Exercise objective
If a picture appears, leave it out, and reproduce exactly the lines from the start of the listing below through the one bearing "अखिल भारतीय कांग्रेस".

Material provided
——

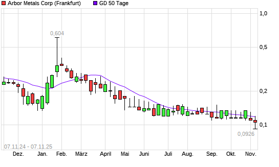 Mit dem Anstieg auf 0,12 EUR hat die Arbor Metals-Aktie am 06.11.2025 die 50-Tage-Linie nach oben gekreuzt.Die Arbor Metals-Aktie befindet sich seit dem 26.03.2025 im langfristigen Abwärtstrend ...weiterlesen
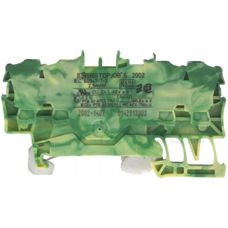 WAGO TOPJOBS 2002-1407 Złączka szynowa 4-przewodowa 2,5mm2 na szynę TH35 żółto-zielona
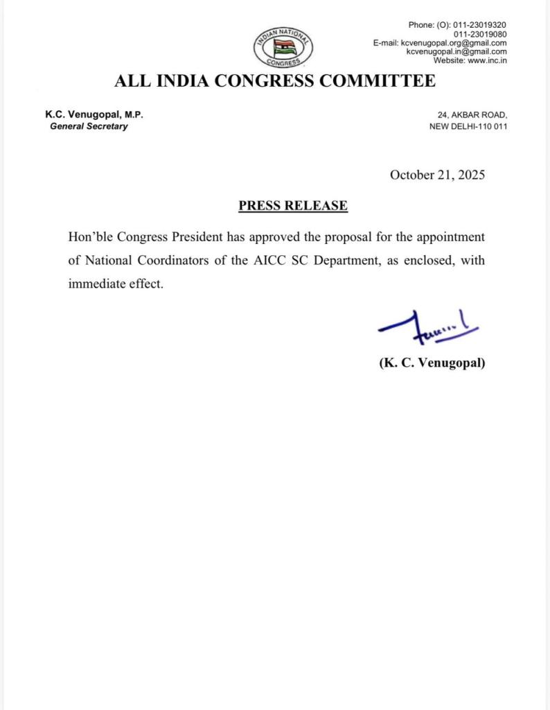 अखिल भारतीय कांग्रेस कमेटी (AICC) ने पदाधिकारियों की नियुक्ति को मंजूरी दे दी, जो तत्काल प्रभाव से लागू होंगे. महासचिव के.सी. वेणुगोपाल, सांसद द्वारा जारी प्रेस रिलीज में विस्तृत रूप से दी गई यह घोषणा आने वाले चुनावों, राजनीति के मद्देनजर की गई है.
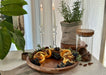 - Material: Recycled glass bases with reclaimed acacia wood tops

——

Answer
 Mit dem Anstieg auf 0,12 EUR hat die Arbor Metals-Aktie am 06.11.2025 die 50-Tage-Linie nach oben gekreuzt.Die Arbor Metals-Aktie befindet sich seit dem 26.03.2025 im langfristigen Abwärtstrend ...weiterlesen
 WAGO TOPJOBS 2002-1407 Złączka szynowa 4-przewodowa 2,5mm2 na szynę TH35 żółto-zielona
 अखिल भारतीय कांग्रेस कमेटी (AICC) ने पदाधिकारियों की नियुक्ति को मंजूरी दे दी, जो तत्काल प्रभाव से लागू होंगे. महासचिव के.सी. वेणुगोपाल, सांसद द्वारा जारी प्रेस रिलीज में विस्तृत रूप से दी गई यह घोषणा आने वाले चुनावों, राजनीति के मद्देनजर की गई है.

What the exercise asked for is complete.